Эта вечеринка окажется роковой для обитателей квартиры на Фонтанке.
Уже через день Борин доносил в Большом доме, резиденции Ленинградского НКВД:
Вслед за Бориным 28 мая потянули на допрос Аникееву. Ей уже ничего не оставалось, как подтвердить донос. Страшные слова Пунина «Убивали и убивать будем» якобы были произнесены в ее присутствии. Она только добавила: «На слова Пунина о необходимости взрыва вождя я попросила его замолчать и ушла домой».

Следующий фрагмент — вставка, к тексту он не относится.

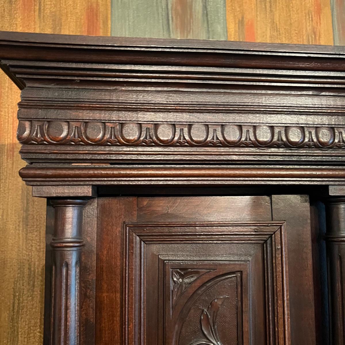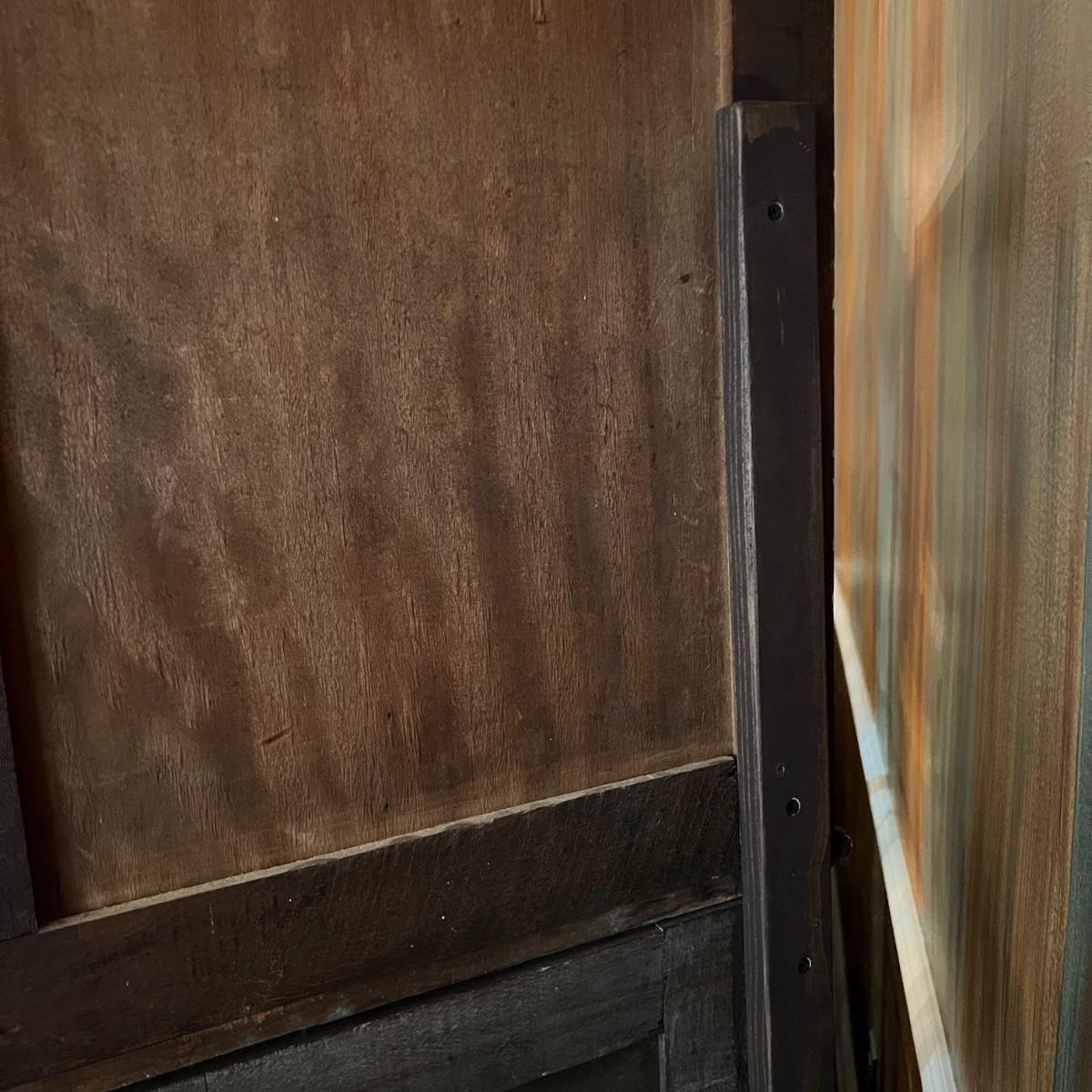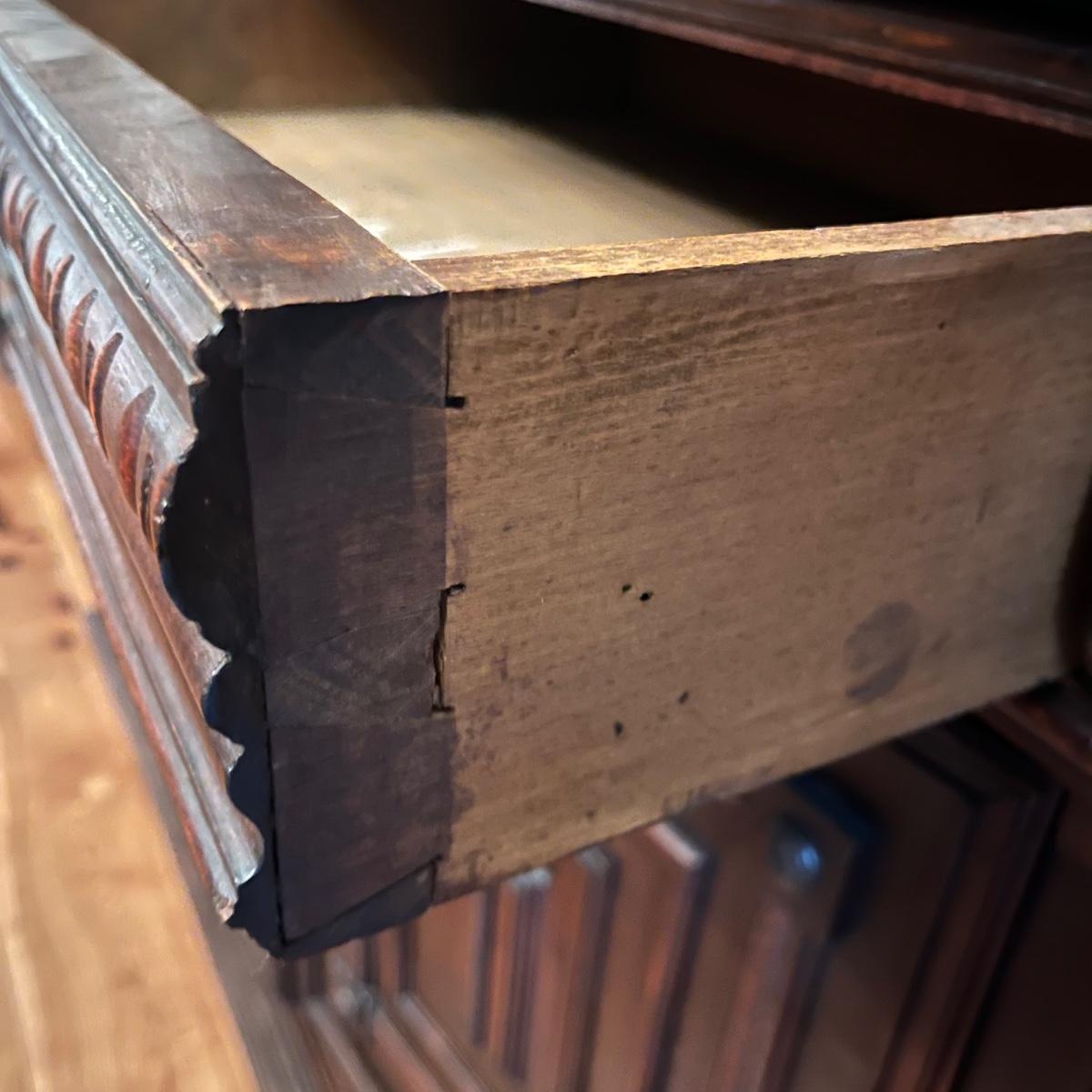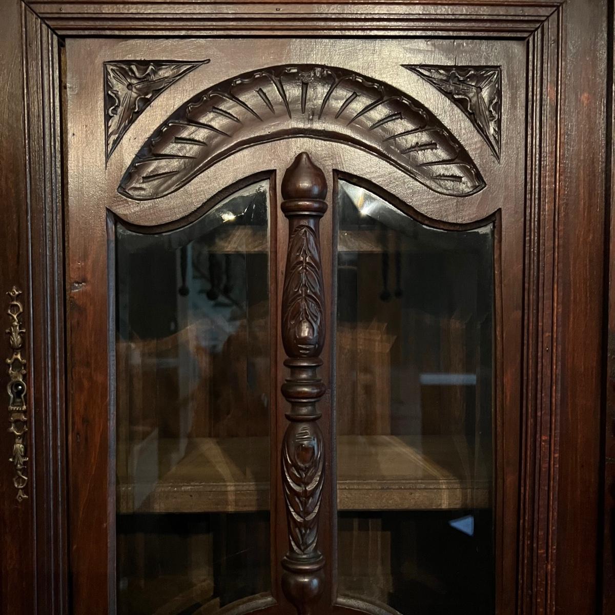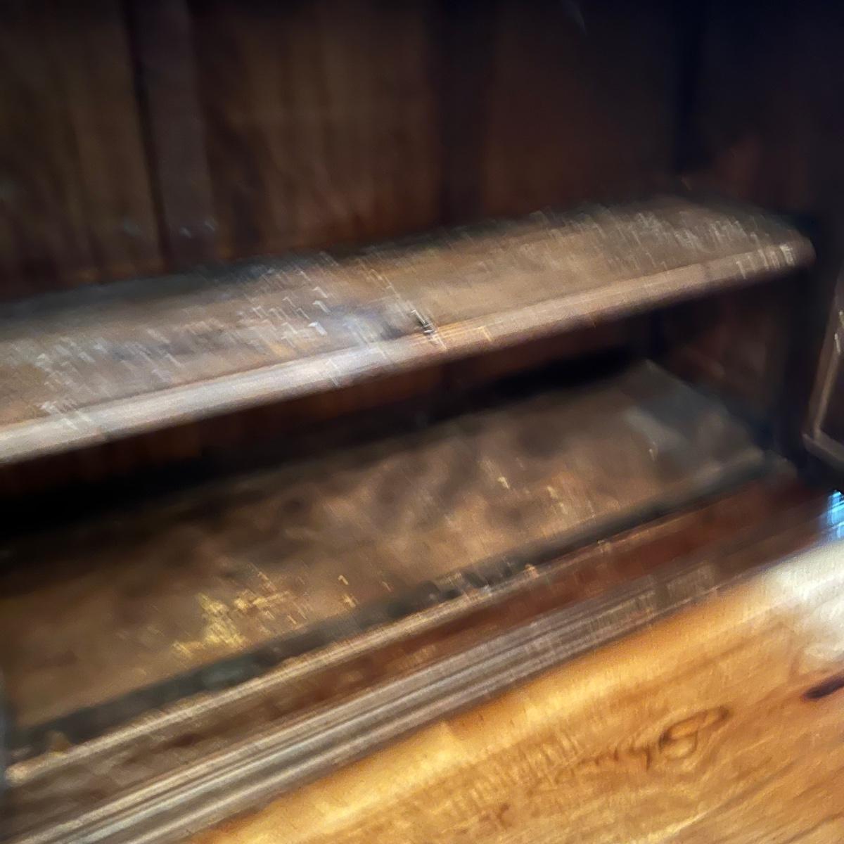 Lend a stately air to any home with this elegant vintage wood buffet. The piece has two covered cabinets up top, a mirrored display rack in the middle and two drawers central as well as two cabinets beneath. The piece measures 54” x 21” x 85”H. There are four key holes with locks attached. Two keys come with this piece. While they turn in the keyhole they do not seem to lock. The top piece has two shelves that do not appear to be adjustable. The mirrored shelf in the center has obvious signs of distress/age. The two drawers have brass appearing hardware as poles, and the lower unit has one shelf that again does not appear to be adjustable.
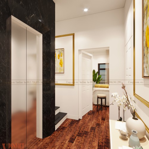 Để thiết kế thẩm mỹ viện trở nên hoàn hảo, Penviet cùng chủ đầu tư chú trọng trang trí đến từng chi tiết nhỏ như phần hành lang của mỗi tầng.
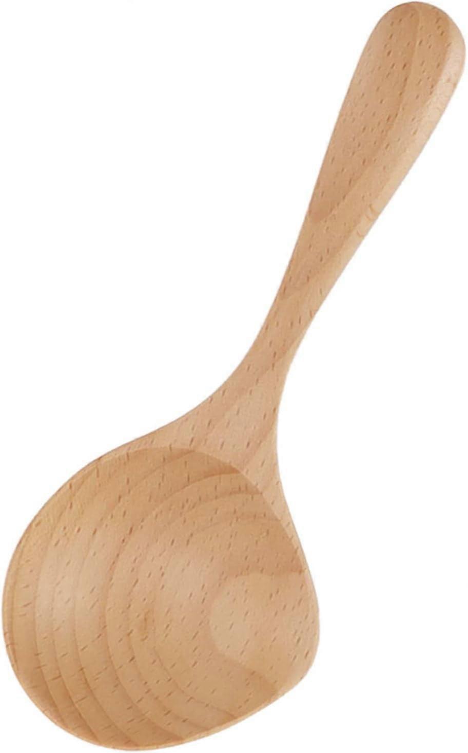 Wooden Ladle, Long Handle Soup Spoon, Beech Wood Cooking Ladle, Handcrafted Rice Porridge Spoon, Compatible with All Pots
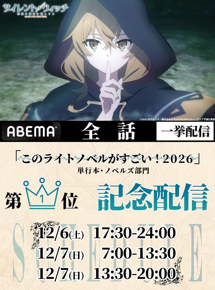 『サイレント・ウィッチ』の「このライトノベルがすごい!2026」単行本・ノベルズ部門1位獲得を記念して、ABEMAにて「サイレント・ウィッチ 沈黙の魔女の隠しごと」全13話一挙配信の実施が決定いたしました。
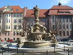 Rzeźby dolne przedstawiają dwóch rybaków z siecią, górnika z kilofem i kobietę ze snopami zboża i kobietę z koszem owoców, symbolizujących opolskie rybactwo, przemysł wapienniczy oraz rolnictwo. Ponad nimi, na kielichowatym postumencie góruje postać Ceres, bogini urodzaju, z dzieckiem na ręku oraz z wrzecionem. Do II wojny światowej wznosił się nad nią ażurowy miedziany baldachim. Fontanna otoczona została cembrowiną, z wyrytą sentencją „DES BÜRGERS TREU MIT FLEISS GEPAART EIN JUNGBORN GUTER DEUTSCHER ART” (Obywatelska wierność z pilnością w parze odmładzającym źródłem dobrej niemieckiej duszy), jednak w latach 70. napis ten został przykryty warstwą tynku. W wyniku konserwacji zabytku przeprowadzonej w 2009 roku odsłonięto ową inskrypcję.
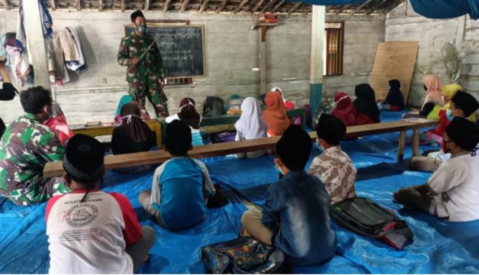 Sejumlah anggota Satgas TMMD terlibat langsung di sejumlah mushala dan Tempat Pendidikan Alquran (TPA) yang ada di desa, untuk membantu mengajar membaca Alquran dan mengaji bersama anak-anak warga Desa teluk Bunian, kecamatan Pelamgiran, kabupaten Inhil, Kamis (24/6/2021).
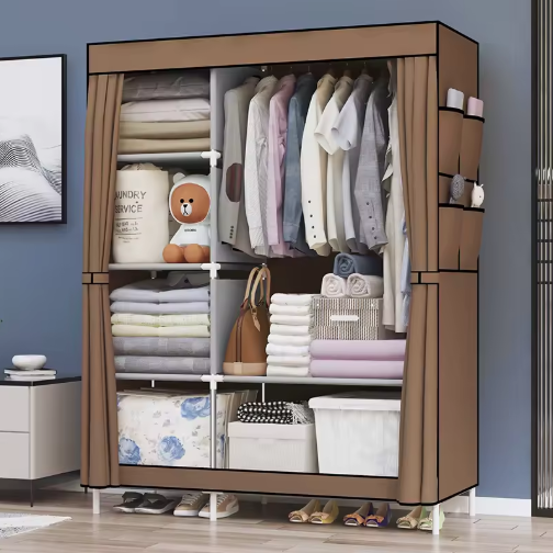 - Almacenamiento multifuncional: el clóset consta de 5 estantes pequeños y 1 estantes grandes para clasificar y apilar varias prendas, bufandas, camisas, pantalones, etc. Además, hay una zona para colgar faldas largas, vestidos, trajes, abrigos de vaquero, etc.
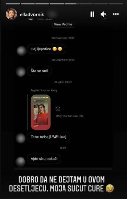Ella Dvornik je na Instagram Storyju podijelila vulgarne poruke koje je dobila od jednog muškarca.
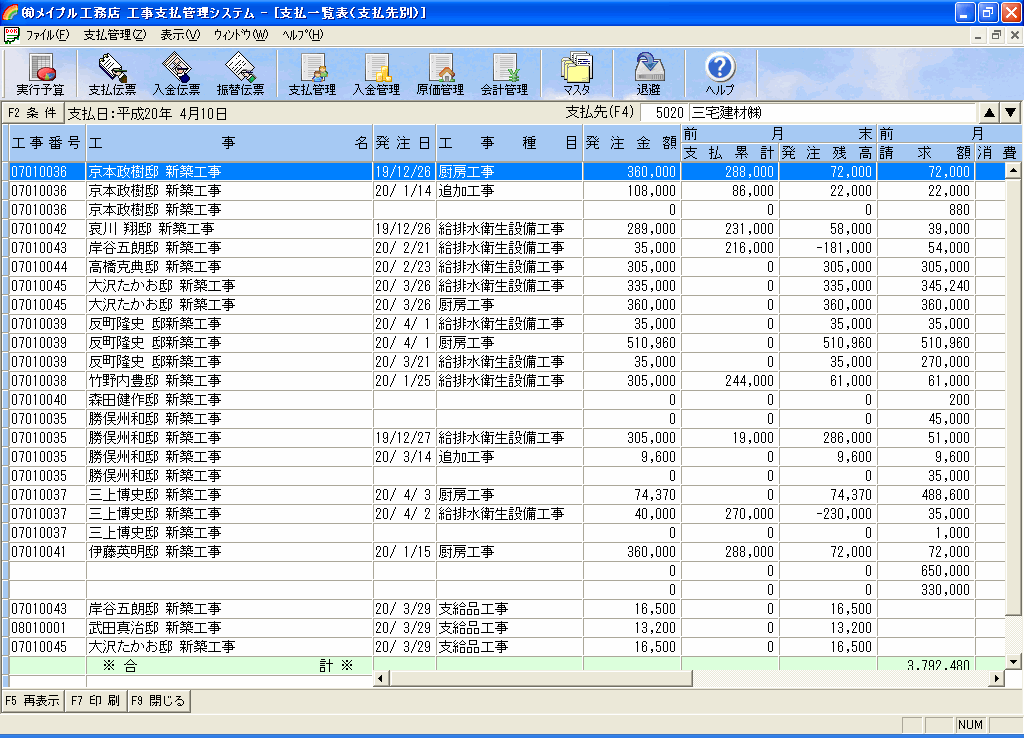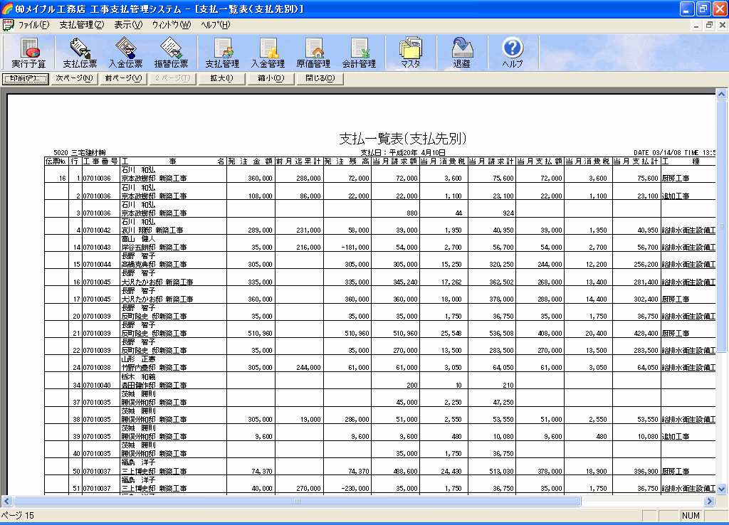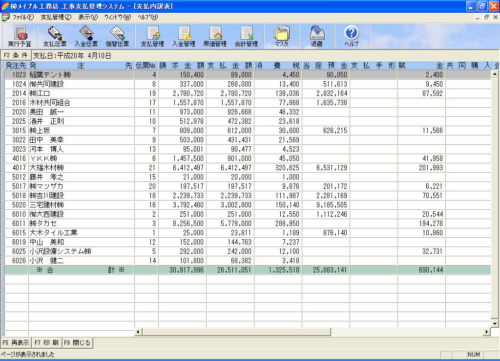 設定された条件により集計され、支払一覧表(支払先別)が画面表示されます。
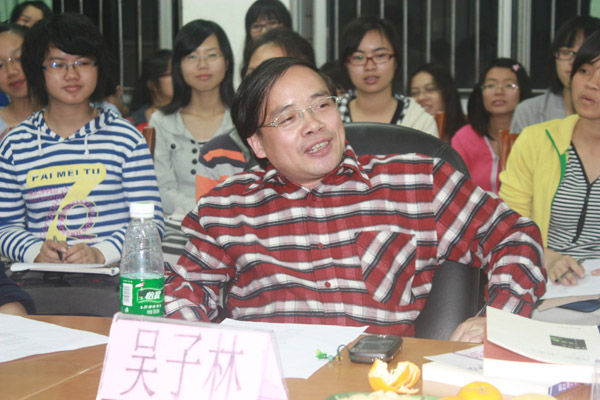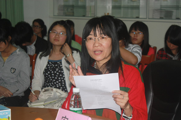 同学们十分珍惜这个与诗人面对面交流的机会,纷纷就诗人安琪的解析发表自己的观点。同学们的观点各有异同,有与安琪自己的创作意图相似的观点,亦有与其完全不相一致的观点,现场的思想交流碰撞出激烈的火花。诗人安琪认为不同的人对诗歌的解读就会有不同,对于同学们提出的与她想法不一样的但又能自圆其说的理解,她更是大加赞赏。同时,对于同学们所就自己不懂的问题提出的疑问,安琪都详细地作出了解答。著名文学评论家吴子林在发表自己对安琪诗歌的见解的同时也就同学们的理解提出了自己的想法,很好地帮助了同学们对诗歌的理解。在整个研讨过程中,安琪谈笑自如,甚至不时发出几声大笑,她的那种率真的真性情感染了在场的师生们,更是让整个研讨会的气氛轻松和谐。最后,安琪还鼓励同学们进行诗歌写作时多进行强化训练,她认为这是一个磨刀的过程,并强调“灵感不是等来,是磨来的”。
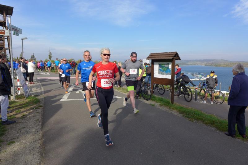Genau 100 Teilnehmer nahmen im Anschluss die Distanz über elf Kilometer in Angriff. Da war "Angriff" wohl auch die richtige Umschreibung, denn bei Kilometer zwei verließen die Läufer den Rundweg und quälten sich eine 1,5 Kilometer lange Steigung nach oben. Die Belohnung ließ nicht lange auf sich warten, denn zum Glück ging es nach einer Schleife dort auch wieder hinunter. Die Streckenführung folgte jetzt der Kurzdistanz und vom südlichsten Punkt des Geiseltalsees gelang nun immer wieder der Blick auf die fast 200 Meter lange Seebrücke. Edgar Schmidtke, der sich noch auf den Berg gefreut hatte, beendete diesmal ohne Umwege seinen Wettkampf und war der schnellste Bode-Runner (2. Platz Altersklasse M55). Nur 80 Sekunden später überquerte Kirsten Geist (Altersklasse W55) als Gesamtsiegerin der Frauen die Ziellinie. Eine erstaunliche Laufleistung und über zwölf Minuten Abstand, ehe sich die Altersklassenkonkurrenz auf den weiteren Plätzen anschloss.
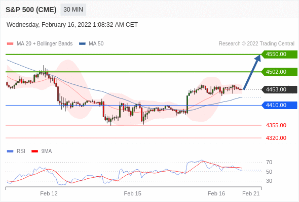 Long positions above 4410.00 with targets at 4502.00 & 4550.00 in extension.
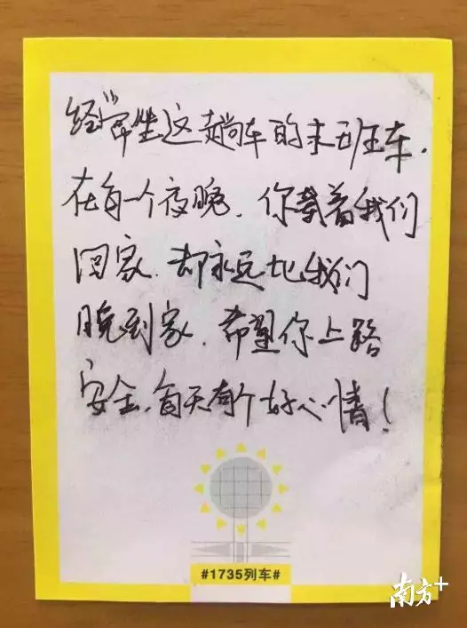 紙條上寫著:“經常坐這趟車的末班車,在每個夜晚,你載著我們回家,卻永遠比我們晚到家,希望你上路安全,每天有個好心情!”
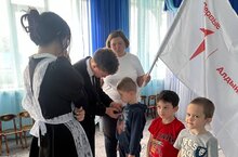 К ребятам пришли в гости, их старшие наставники — участники Движения Первых. Они вручили дошкольникам значки «Барсики»
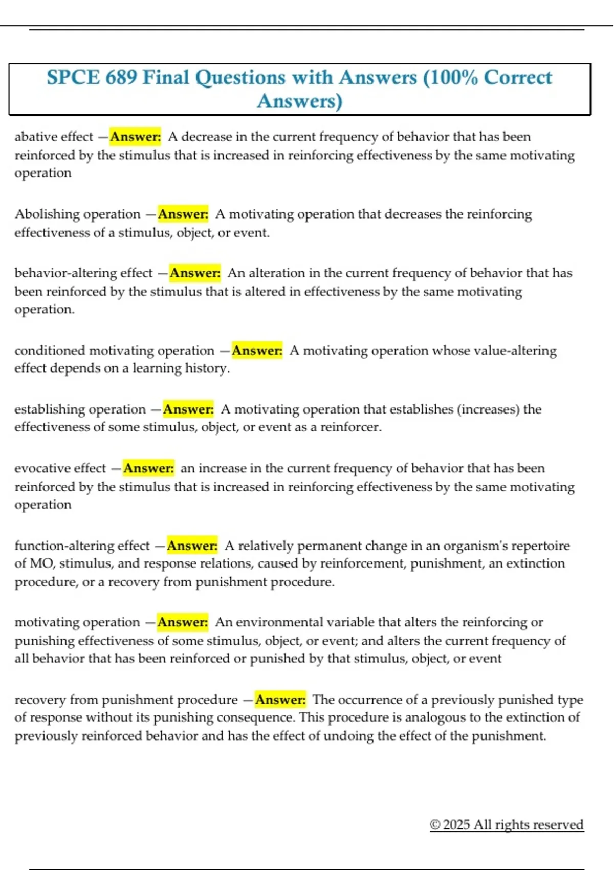 SPCE 689 Final Questions with Answers (100% Correct Answers)

Ленинград жил под знаком убийства Кирова. Выстрел, прогремевший 1 декабря 1934-го в Смольном, стал причиной смерти не только большевистского вожака, любимца партии, но и многих тысяч ни в чем не повинных граждан. Сюда сразу же приехал сам Сталин, не любивший этот город, прихватив с собой новое, секретное оружие — только что подписанный указ «О порядке ведения дел о подготовке или совершении террористических актов». Предписывалось вести такие дела в ускоренном порядке, не принимать ходатайств о помиловании и приводить приговоры в исполнение немедленно.
Расследование после своего отъезда вождь поручил заместителю наркома НКВД Якову Агранову, автору памятного таганцевского дела, жертвой которого стал отец Льва Гумилева. Лубянский умелец наметанной рукой прокрутил следствие, по испытанному чекистскому рецепту город опутали липкой карательной паутиной, убийство популярного советского лидера (которое, по мнению ряда историков, сам же Сталин и организовал) послужило поводом для массовой зачистки, так называемого «кировского дела». Старожилам города декабрь 34-го напомнил август 18-го, когда убийство студентом Леонидом Каннегисером другого видного большевика — Моисея Урицкого стало сигналом для объявления красного террора.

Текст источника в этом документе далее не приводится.